扩展性方面。首先,Kafka允许Partition在集群内的Broker之间任意移动,以此来均衡可能存在的数据倾斜问题。其次,Partition支持自定义的分区算法,例如可以将同一个Key的所有消息都路由到同一个Partition上去。 同时Leader也可以在In-Sync的Replica中迁移。由于针对某一个Partition的所有读写请求都是只由Leader来处理,所以Kafka会尽量把Leader均匀的分散到集群的各个节点上,以免造成网络流量过于集中。

并发方面。任意Partition在某一个时刻只能被一个Consumer Group内的一个Consumer消费(反过来一个Consumer则可以同时消费多个Partition),Kafka非常简洁的Offset机制最小化了Broker和Consumer之间的交互,这使Kafka并不会像同类其他消息队列一样,随着下游Consumer数目的增加而成比例的降低性能。此外,如果多个Consumer恰巧都是消费时间序上很相近的数据,可以达到很高的PageCache命中率,因而Kafka可以非常高效的支持高并发读操作,实践中基本可以达到单机网卡上限。

不过,Partition的数量并不是越多越好,Partition的数量越多,平均到每一个Broker上的数量也就越多。考虑到Broker宕机(Network Failure, Full GC)的情况下,需要由Controller来为所有宕机的Broker上的所有Partition重新选举Leader,假设每个Partition的选举消耗10ms,如果Broker上有500个Partition,那么在进行选举的5s的时间里,对上述Partition的读写操作都会触发LeaderNotAvailableException。

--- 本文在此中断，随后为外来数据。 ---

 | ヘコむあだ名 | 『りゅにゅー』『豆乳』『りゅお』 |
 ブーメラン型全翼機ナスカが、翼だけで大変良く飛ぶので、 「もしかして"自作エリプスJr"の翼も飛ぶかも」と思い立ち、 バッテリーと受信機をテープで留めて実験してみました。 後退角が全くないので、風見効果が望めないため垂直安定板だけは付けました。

再进一步,如果挂掉的Broker是整个集群的Controller,那么首先要进行的是重新任命一个Broker作为Controller。新任命的Controller要从Zookeeper上获取所有Partition的Meta信息,获取每个信息大概3-5ms,那么如果有10000个Partition这个时间就会达到30s-50s。而且不要忘记这只是重新启动一个Controller花费的时间,在这基础上还要再加上前面说的选举Leader的时间 

此外,在Broker端,对Producer和Consumer都使用了Buffer机制。其中Buffer的大小是统一配置的,数量则与Partition个数相同。如果Partition个数过多,会导致Producer和Consumer的Buffer内存占用过大。

Tips

1. Partition的数量尽量提前预分配,虽然可以在后期动态增加Partition,但是会冒着可能破坏Message Key和Partition之间对应关系的风险。

2. Replica的数量不要过多,如果条件允许尽量把Replica集合内的Partition分别调整到不同的Rack。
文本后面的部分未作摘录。